Durant ces deux minutes d'attente, Julie tenta de se remémorer comment tout cela avait commencé, une semaine plus tôt. Elle avait rencontré un homme sur une application de rencontre, comme cela se fait beaucoup. Il avait dit s'appeler Fabien, et ensemble ils avaient parlé toute la nuit, jusqu'à ce que le jour pointe à travers les volets de la chambre de Julie. Cette nuit-là, Julie s'était beaucoup masturbée, et avait beaucoup joui, échangeant avec Fabien sur ses désirs, ses envies, ses fantasmes. Ils n'avaient rien échangé d'autre que des mots, mais c'était suffisant pour que le plaisir monte en flèche. Durant la semaine qui suivit, Julie et Fabien continuèrent à discuter. Plusieurs fois par jour, Julie se masturbait en parlant à Fabien. Un soir, elle lui fit part de l'un de ses fantasmes. Elle lui avoua aimer l'idée d'être à la merci de plusieurs hommes, le temps d'une journée. Fabien parut, comme d'habitude, très intéressé par cet aveu, mais suite à cette conversation, ne donna plus de signe de vie pendant plus de quarante-huit heures.

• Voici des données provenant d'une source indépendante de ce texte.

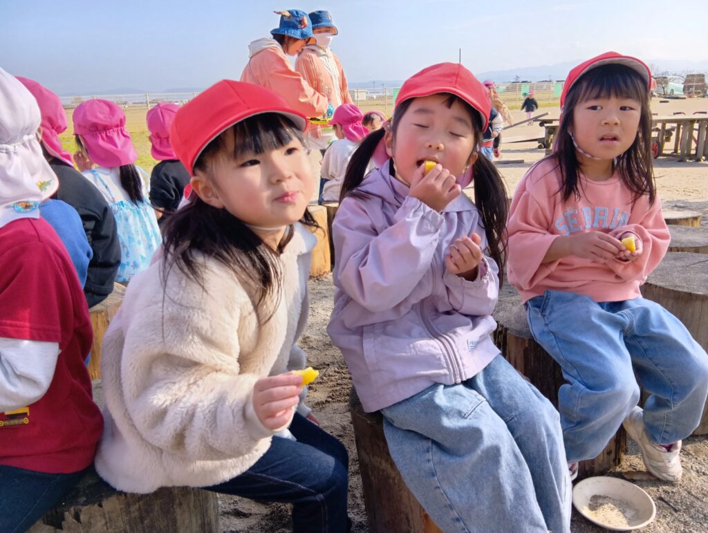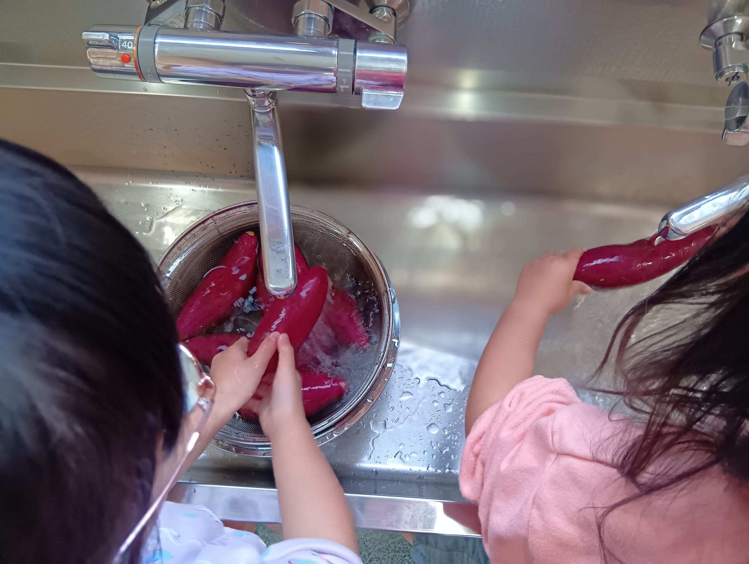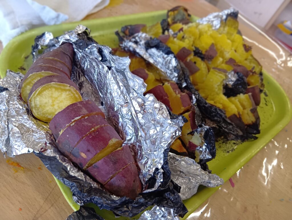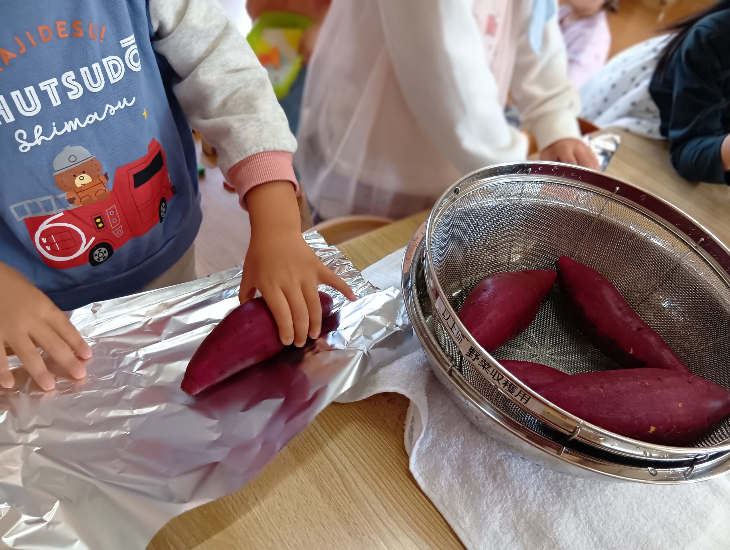 お部屋では、サツマイモの準備。 みんなで苗を植えて育て、収穫した畑のサツマイモ!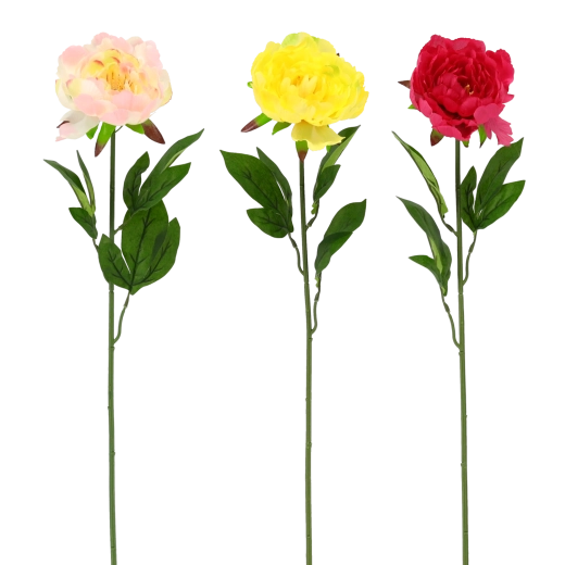 Elegancka i realistyczna sztuczna piwonia o długości 65 cm rozświetli każde wnętrze. Dzięki wiernie odwzorowanym, pełnym kwiatom i naturalnie wyglądającym liściom sprawia wrażenie żywej, nie wymaga żadnej pielęgnacji i jest trwała oraz odporna. Dostępna w miksie kolorów (różowy, żółty, czerwony) dla łatwego dopasowania do dekoracji.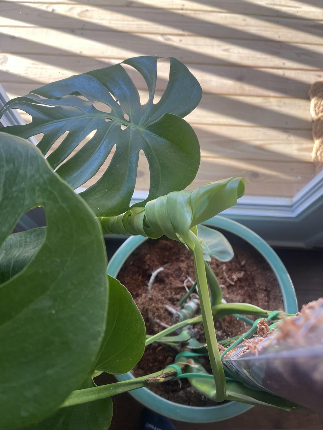 So many fenestrations!! Gentle reminder to make sure you are securing the internodes, not the petioles, since they need to be able to move them around, and tying them down won’t help them climb! The pole should be behind the Monstera rather than the front 🫶🏻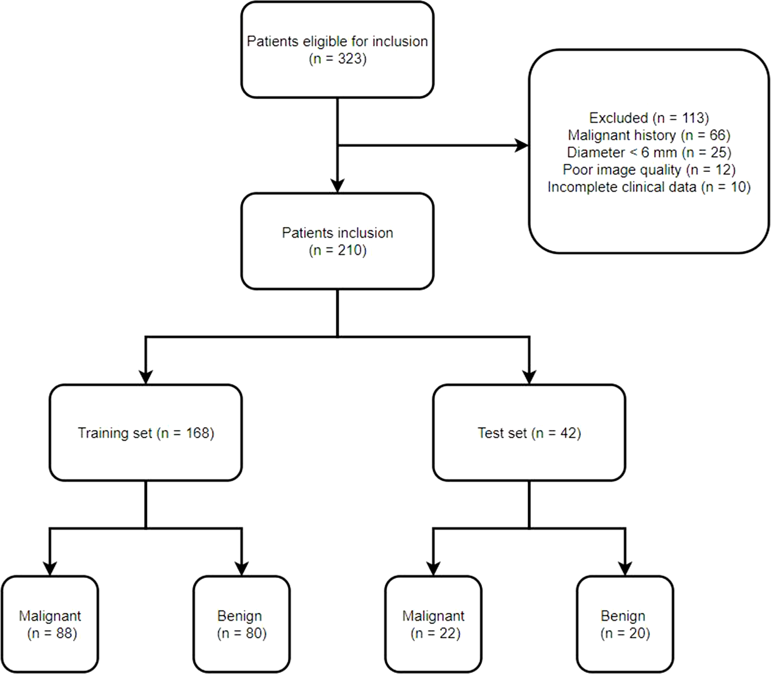 This study enrolled small SPN patients consecutively from January 2019 to November 2021. The inclusion criteria included patients who indicated: (i) small SPNs ≤ 20 mm, (ii) a confirmed pathological SPN diagnosis after surgical resection, and (iii) a < 2-week interval between SPN detection and surgical resection. Patients were excluded if they had: (i) poor image quality; (ii) a history of malignancy, (iii) SPNs < 6 mm in diameter, or (iv) incomplete clinical data. Eligible patients were randomly assigned to training and testing cohorts at an 8:2 ratio.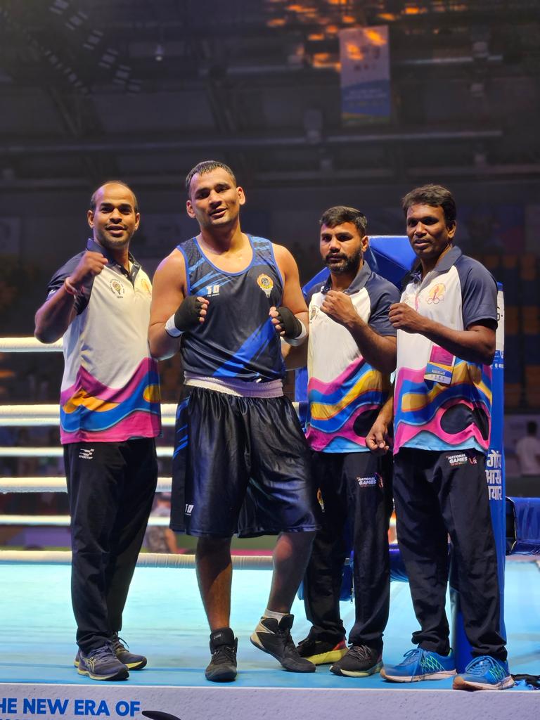 Goa Khabar:On the fifth day of the ongoing boxing matches of the 37th National Games, seven boxers from Goa competed in the quarterfinals of their respective weight categories. Five of them punched their way into the semi-finals, while two lost their bouts.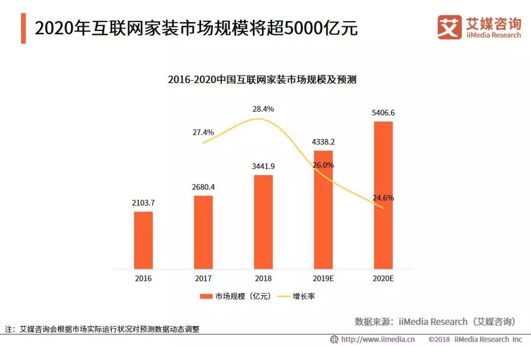 iiMedia Research(艾媒咨詢)數(shù)據(jù)顯示,2018年中國互聯(lián)網(wǎng)家裝市場規(guī)模已達到3441.9億元,預計2019年將達到4338.2億元,將保持較高的速度繼續(xù)增長,在2020年將超過5000億元。

Julie se sentit trahie et vexée. Elle reçut finalement un message pour le moins équivoque. « Rendez-vous samedi à l'Hôtel de la Plage. Sois dans la chambre à 13h pétante. » Et durant les vingt-quatre heures qui la séparaient de la date fatidique, elle hésita. Elle ne connaissait rien de cet homme, si ce n'est un prénom qui n'était peut-être même pas le vrai. La seule chose qu'elle savait vraie, c'est qu'il l'avait faite jouir énormément ces derniers jours. Peut-être était-ce ce qui l'avait poussée à prendre sa voiture ce samedi-là, et à se rendre au point de rendez-vous. Sur la route, elle avait fait quelques tours de rond-point, hésitante, mais l'envie était plus forte, et elle s'était présentée à la réception de l'hôtel. L'homme derrière son bureau lui avait donné la clé de la chambre 212, et elle s'était précipitée dans la chambre. Il était alors 11h55.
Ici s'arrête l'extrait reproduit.